Awesome threading using nurseries

I wrote about a nice threading pattern using Queues for synchronization a while ago. In the meantime, I’ve stumbled across Trio and I loved their concept of nurseries, which is basically a wrapper around the threads-and-queues concept that also makes sure that threads are properly joined and do not run out of control.

So today I ran across a case where I’d have to query large chunks of data from two systems in parallel, that I would then have to compare and merge into a third data set. Thus I needed a way to start two threads, return stuff from them to the main thread, and join them back together. A nursery came to mind, because it does just that. So that’s what I used, and here’s the code for it!

The basic pattern is outlined in the Python multiprocessing module:

  • Create a Queue for the process to return its result through.
  • Spawn the Process, let it do its thing in the background.
  • Once you feel like it, join it.
  • When it’s done, read its return value from the Queue.

Trio nurseries are context guards. This fits nicely because that way, you can have the nursery keep track of all the processes and queues, and the fact that it’s a context guard means that the nursery will always get a chance to clean its stuff up, which amounts to joining the processes. I’m going to use threads, but it’s pretty much the same thing.

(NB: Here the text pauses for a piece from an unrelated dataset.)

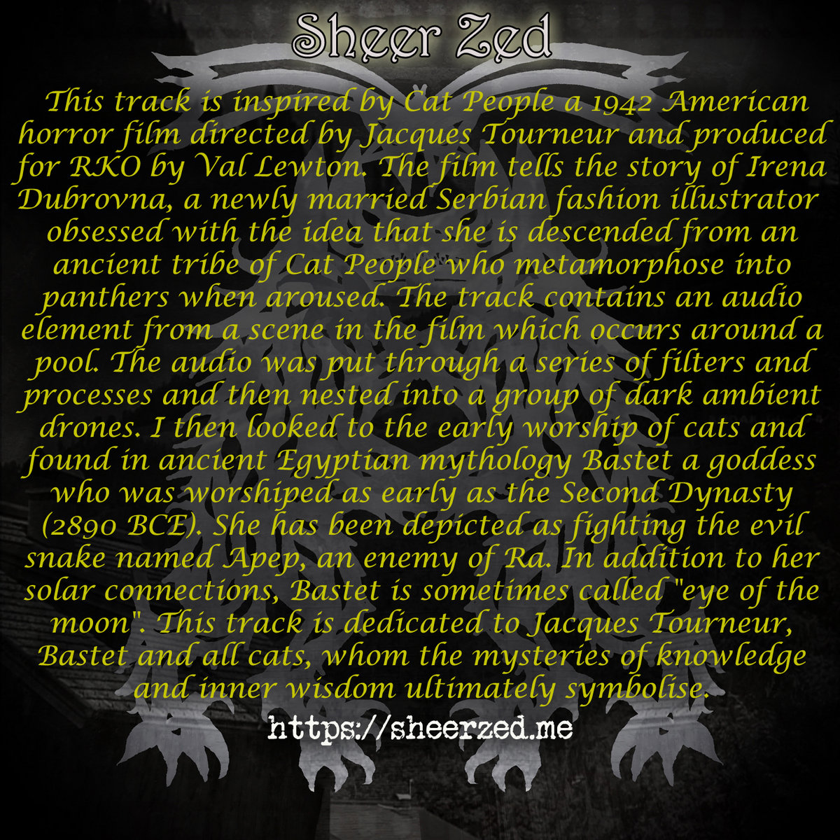 My contribution to Sombre Soniks Dark Ambient vol. 21 compilation which includes 23 sublime compositions around the theme of pre-1950’s horror films is the track Cat People.

So here’s the code for the nursery:

from collections import deque
from threading   import Thread

class ThreadNursery(object):
    def __init__(self):
        self.threads = []
        self.queues = []

    def __enter__(self):
        return self

    def go(self, target_fn):
        result_q = deque()
        def wrapper_fn():
            # call the target function and put
            # its return value into the queue
            result_q.append(target_fn())

        # Create a thread that runs the wrapper
        thrd = Thread(target=wrapper_fn)
        self.threads.append(thrd)
        self.queues.append(result_q)
        thrd.start()

    def __exit__(self, type, value, traceback):
        for thrd in self.threads:
            thrd.join()

    def get_results(self):
        results = []
        for queue in self.queues:
            results.append(queue.popleft())
        return results

And now I can use it like this:

with ThreadNursery() as nursery:
    @nursery.go
    def query_first_system():
        things = []
        while True:
            resp = requests.get("http://somewhere/api/get_stuff")
            things.append(resp.json())
            if resp.json()["more"] == False:
                break
        return things

    @nursery.go
    def query_second_system():
        things = []
        while True:
            resp = requests.get("http://somewhere-else/api/get_stuff")
            things.append(resp.json())
            if resp.json()["more"] == False:
                break
        return things

    @nursery.go
    def calculate_pi():
        from time import sleep
        import math
        sleep(10)
        return math.pi

# the `with` block is over, so the nursery now joins everything

first_system_things, second_system_things, pi = nursery.get_results()

I like how all the threading and Queues business is completely hidden away from the functions that do actual work. They just look like any other function would, and even the rest of the code doesn’t look all that special. All the plumbing is nicely hidden in our nursery.